Down to the last line, write out the entries below exactly and omit all pictures.

════

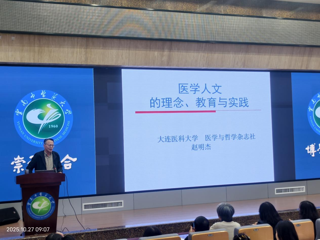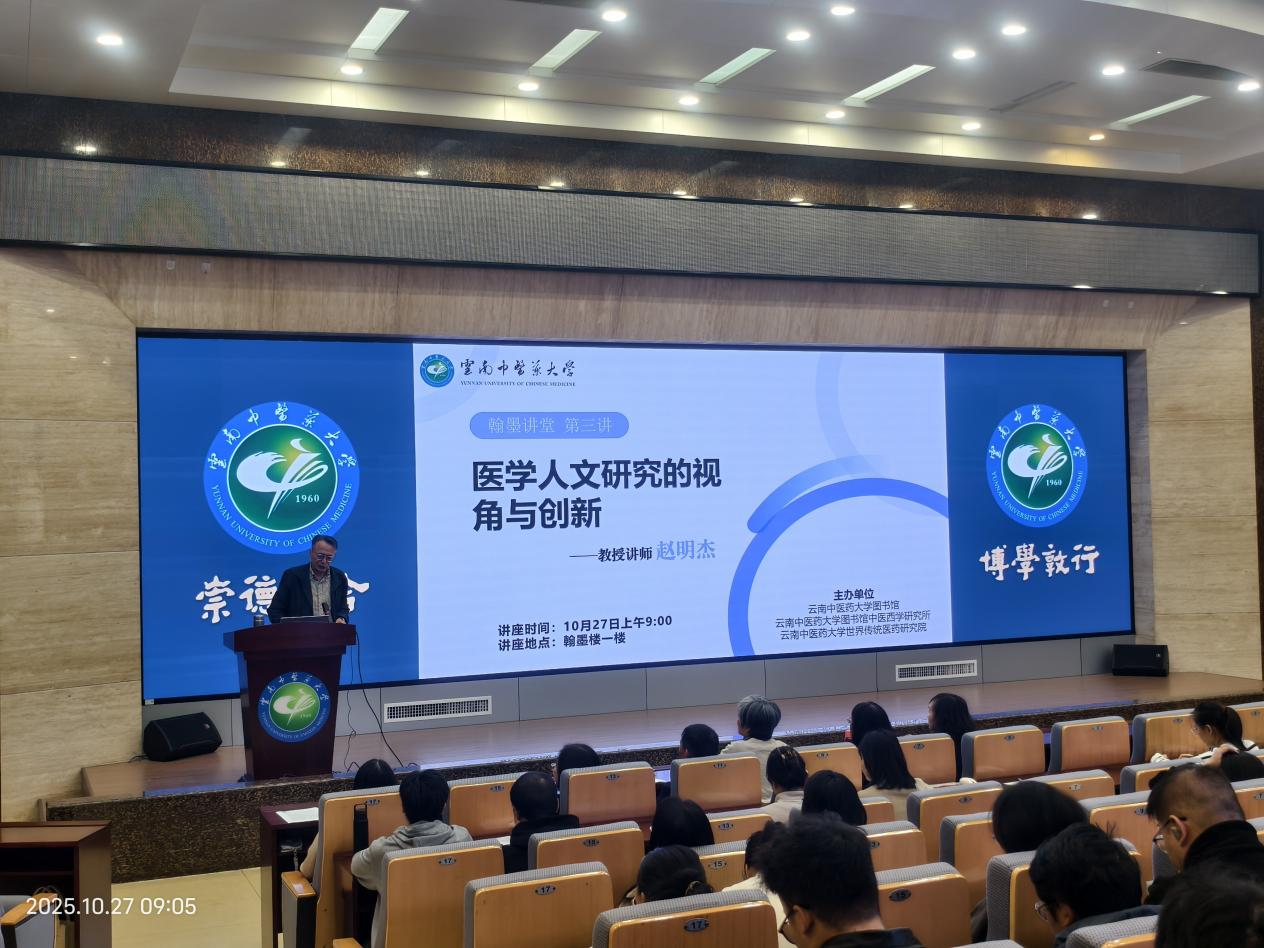 2025年10月27日上午,云南中医药大学翰墨讲堂第三讲如期举行。本次讲座以“医学人文研究的视角与创新”为主题,由学校图书馆主办,中医西学研究所、世界传统医学研究院承办,特邀教授、主任医师、博士生导师、《医学与哲学》杂志常务主编赵明杰担任主讲嘉宾,160多名师生齐聚翰墨楼一楼报告厅,共同聆听这场兼具理论深度与实践价值的学术分享。
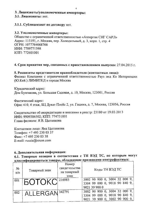 "О ТОВАРНЫХ ЗНАКАХ КОМПАНИИ "АЛЛЕРГАН, ИНК., КОРПОРАЦИЯ ШТАТА ДЕЛАВЭР"
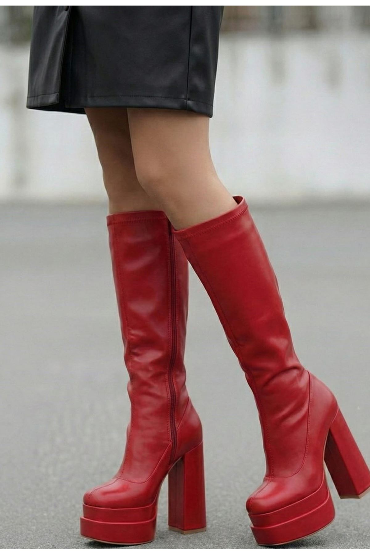 Bayonn Kırmızı Cilt Kadın Çift Platform Yüksek Topuklu Çizme
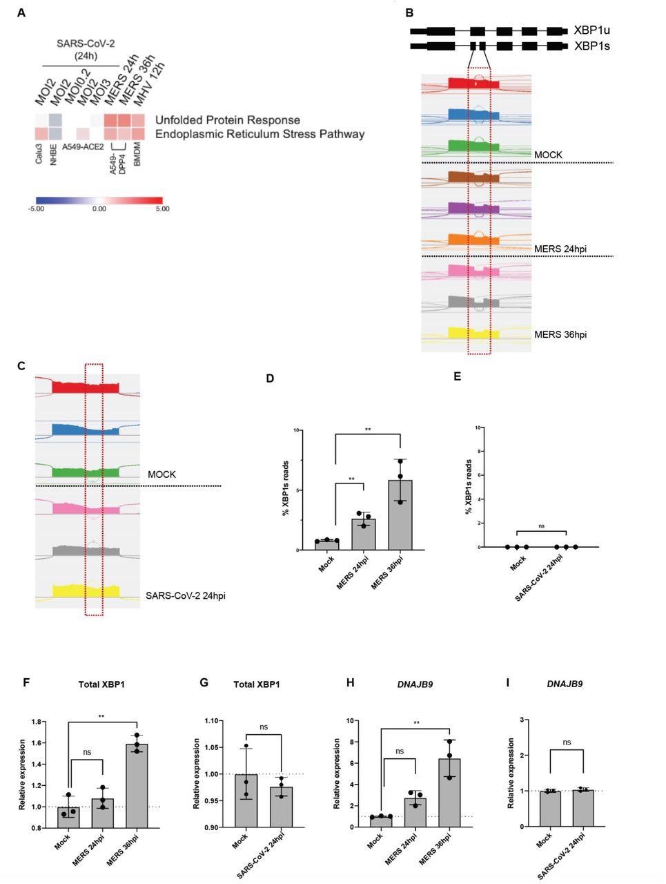 The authors observed that the four beta CoVs of HCoV-OC43, MERS-CoV, SARS-CoV-2, and MHV activate the IRE1α in host cells following infection. It was noted that except for SARS-CoV-2, the other CoVs induced splicing of XBP1 mRNA.
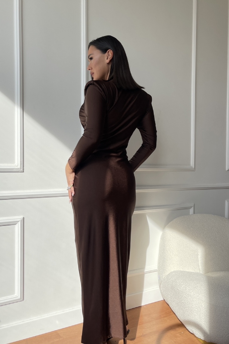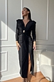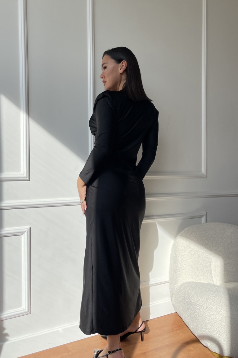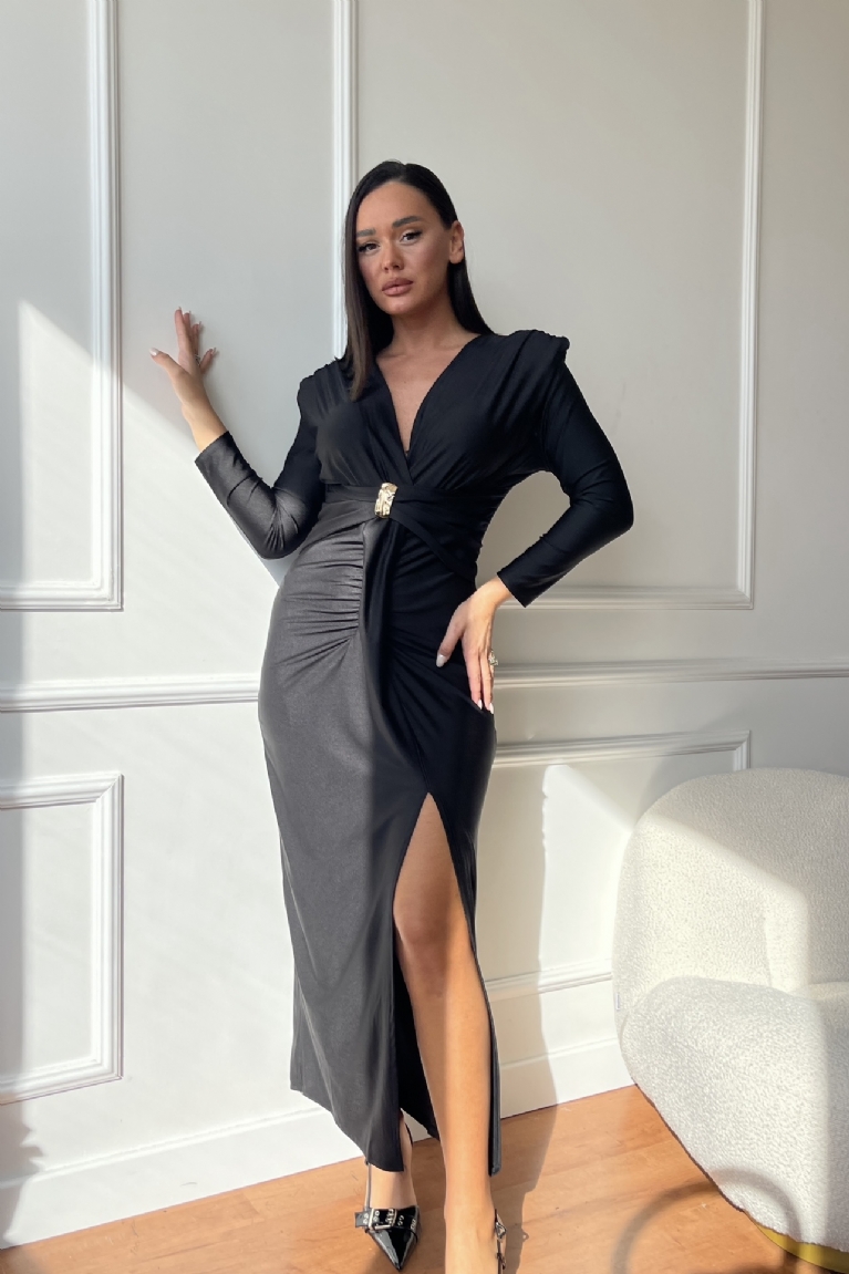Φόρεμα Μακρυμάνικο Κρουαζέ Με Άνοιγμα & Χρυσή Λεπτομέρεια - Μαύρο
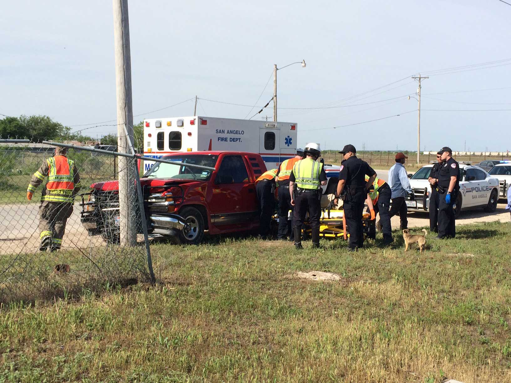 According to the San Angelo police, the driver and sole occupant of the truck took a sharp turn too wide and ended up burying the front of the truck into the pole. Police said there may have been a medical incident that caused the driver to turn wide.
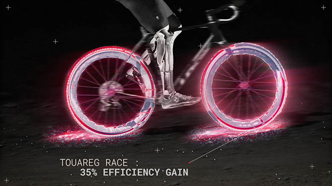 Il nuovo Touareg Race è stato progettato per soddisfare le esigenze del gravel racing di alto livello e mette in mostra i muscoli per farsi largo. Innanzitutto troviamo in questo nuovo modello l'innovativa tecnologia che rende veloce il battistrada del Caracal Race, quello che Bicycle Rolling Resistance definisce lo pneumatico gravel più veloce al mondo. L’ultima mescola Mach Tread 3.0 di Hutchinson offre il 25% in più di ritorno elastico (rebound) e il 10% in più di resistenza agli strappi, riducendo al minimo la perdita di energia durante il rotolamento. La sua carcassa SwiftEasy riduce ora il peso e presenta una flessibilità ottimizzata che dona più velocità in ogni condizione. Infine, il nuovo Touareg Race, realizzato a mano in Francia, sfoggia un peso di soli 480 grammi.

════

Completed exercise.
 2025年10月27日上午,云南中医药大学翰墨讲堂第三讲如期举行。本次讲座以“医学人文研究的视角与创新”为主题,由学校图书馆主办,中医西学研究所、世界传统医学研究院承办,特邀教授、主任医师、博士生导师、《医学与哲学》杂志常务主编赵明杰担任主讲嘉宾,160多名师生齐聚翰墨楼一楼报告厅,共同聆听这场兼具理论深度与实践价值的学术分享。
 "О ТОВАРНЫХ ЗНАКАХ КОМПАНИИ "АЛЛЕРГАН, ИНК., КОРПОРАЦИЯ ШТАТА ДЕЛАВЭР"
 Bayonn Kırmızı Cilt Kadın Çift Platform Yüksek Topuklu Çizme
 The authors observed that the four beta CoVs of HCoV-OC43, MERS-CoV, SARS-CoV-2, and MHV activate the IRE1α in host cells following infection. It was noted that except for SARS-CoV-2, the other CoVs induced splicing of XBP1 mRNA.
Φόρεμα Μακρυμάνικο Κρουαζέ Με Άνοιγμα & Χρυσή Λεπτομέρεια - Μαύρο
 According to the San Angelo police, the driver and sole occupant of the truck took a sharp turn too wide and ended up burying the front of the truck into the pole. Police said there may have been a medical incident that caused the driver to turn wide.
 Il nuovo Touareg Race è stato progettato per soddisfare le esigenze del gravel racing di alto livello e mette in mostra i muscoli per farsi largo. Innanzitutto troviamo in questo nuovo modello l'innovativa tecnologia che rende veloce il battistrada del Caracal Race, quello che Bicycle Rolling Resistance definisce lo pneumatico gravel più veloce al mondo. L’ultima mescola Mach Tread 3.0 di Hutchinson offre il 25% in più di ritorno elastico (rebound) e il 10% in più di resistenza agli strappi, riducendo al minimo la perdita di energia durante il rotolamento. La sua carcassa SwiftEasy riduce ora il peso e presenta una flessibilità ottimizzata che dona più velocità in ogni condizione. Infine, il nuovo Touareg Race, realizzato a mano in Francia, sfoggia un peso di soli 480 grammi.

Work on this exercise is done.